Il dibattito pubblico sulla riforma delle istituzioni repubblicane, ampiamente concentrato sulle sorti del Senato, ha recentemente investito anche i destini di un altro organo costituzionale, il Consiglio Nazionale dell’Economia e del Lavoro (CNEL).

Il CNEL è un organo di rilievo costituzionale, che la nostra Costituzione regolamenta all’articolo 99: «Il Consiglio nazionale dell’economia e del lavoro è composto, nei modi stabiliti dalla legge, di esperti e di rappresentanti delle categorie produttive, in misura che tenga conto della loro importanza numerica e qualitativa. È organo di consulenza delle Camere e del Governo per le materie e secondo le funzioni che gli sono attribuite dalla legge. Ha l’iniziativa legislativa e può contribuire alla elaborazione della legislazione economica e sociale secondo i principi ed entro i limiti stabiliti dalla legge». Le attribuzioni di quest’organo sono state disciplinate dalla legge 33 del 1957 e successive modifiche e integrazioni. Poiché, tuttavia, negli anni le potenzialità del CNEL sono di fatto rimaste inespresse, è intervenuta la legge 15 del 2009 attribuendo ulteriori competenze all’organo costituzionale nel tentativo di valorizzarlo maggiormente e ciò anche in considerazione del rango costituzionale dello stesso. Eppure, ancor oggi l’attività del CNEL sembra del tutto insignificante. Stando a quanto riportato dal sito web del CNEL, il bilancio di oltre 50 anni di attività è così riassunto: «970 documenti, così raggruppati per tipologia: 96 Pareri; 350 testi di Osservazioni e Proposte; 14 Disegni di legge; 270 Rapporti e Studi; 90 Relazioni;130 Dossier che raccolgono gli atti di convegni ospitati al CNEL; 20 Protocolli e Collaborazioni istituzionali».

Accanto alle critiche per la scarsa attività istituzionale e il carattere ininfluente della documentazione normativa prodotta, si sono aggiunti recentemente anche duri attacchi per lo spreco di denaro pubblico imputabile a quest’organo, oggetto di specifica indagine da parte della Corte dei Conti.
Nel mese di ottobre 2013 Matteo Renzi, oggi Presidente del Consiglio, scriveva nella sua newsletter «Il CNEL non serve a nulla. Però sta in Costituzione. Già che hanno deciso di cambiare la Costituzione, ci fanno la cortesia di abolire anche il CNEL».

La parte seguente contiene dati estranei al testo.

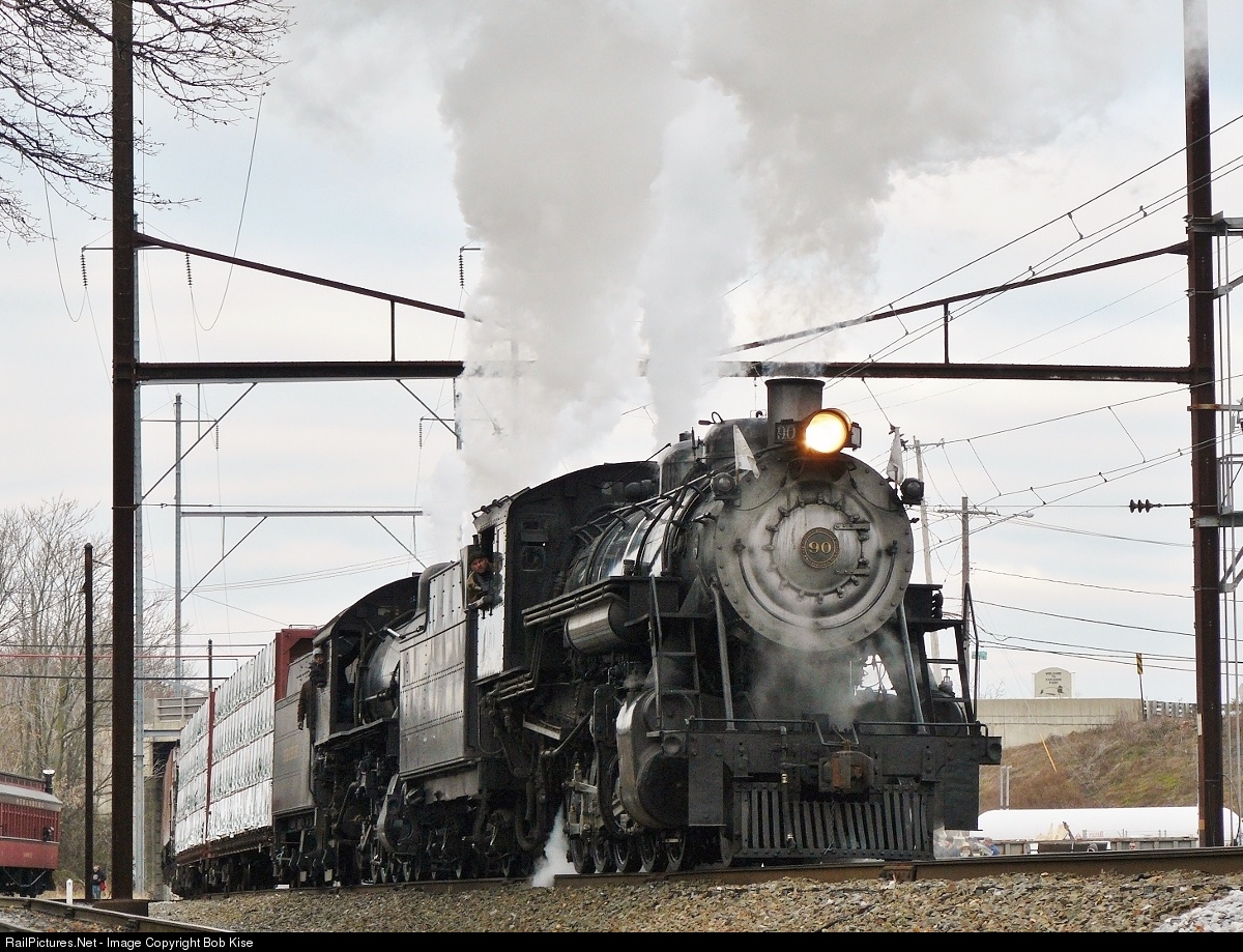 There aren't many places in the world where you can see doubleheaded steam pulling modern freight cars in regular freight service for paying customers. No. 90 & 475 are seen here in a below-the-rails shot on a cold, damp, dreary morning, as they pull their loads toward the switch, in order to couple up to the two coaches that they brought to Leaman Place from East Strasburg.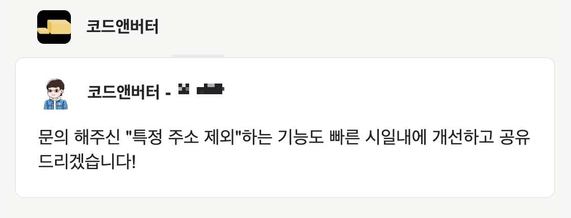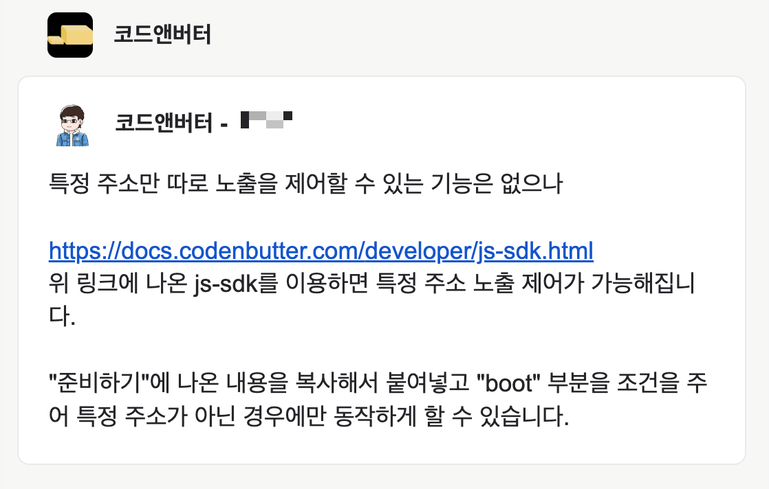 친절하게 js sdk로 특정 주소 노출 제어가 가능하다는 설명과 함께 기능 반영도 해보겠다는 답변을 받았다! 아쉽게도 이 때 js sdk를 바로 도입하지는 못 했는데, 개발 우선순위상 밀려서 다른 작업들을 먼저 치고 있었고, Next.js 환경에서 어떻게 적용할지가 좀 애매했다. 아무튼 그렇게 기능 추가를 기다리고 있었는데...

Oggi il tema dell’abolizione del CNEL è stato riproposto dal gruppo parlamentare Nuovo Centro Destra (NCD), che ha presentato in data 30 gennaio 2014 al Senato un disegno di legge per la “Abrogazione dell’articolo 99 della Costituzione e soppressione del Consiglio nazionale dell’economia e del lavoro”, a firma del senatore Andrea Augello. Peraltro, proprio negli stessi giorni in cui NCD provvedeva al deposito del disegno di legge, anche il Partito Democratico (PD), in persona del deputato Dario Nardella annunciava l’intenzione di presentare una proposta di legge per l’abolizione del CNEL.
Le proposte di abolizione del CNEL sembrano peraltro andare incontro all‘orientamento prevalente tra l’opinione pubblica.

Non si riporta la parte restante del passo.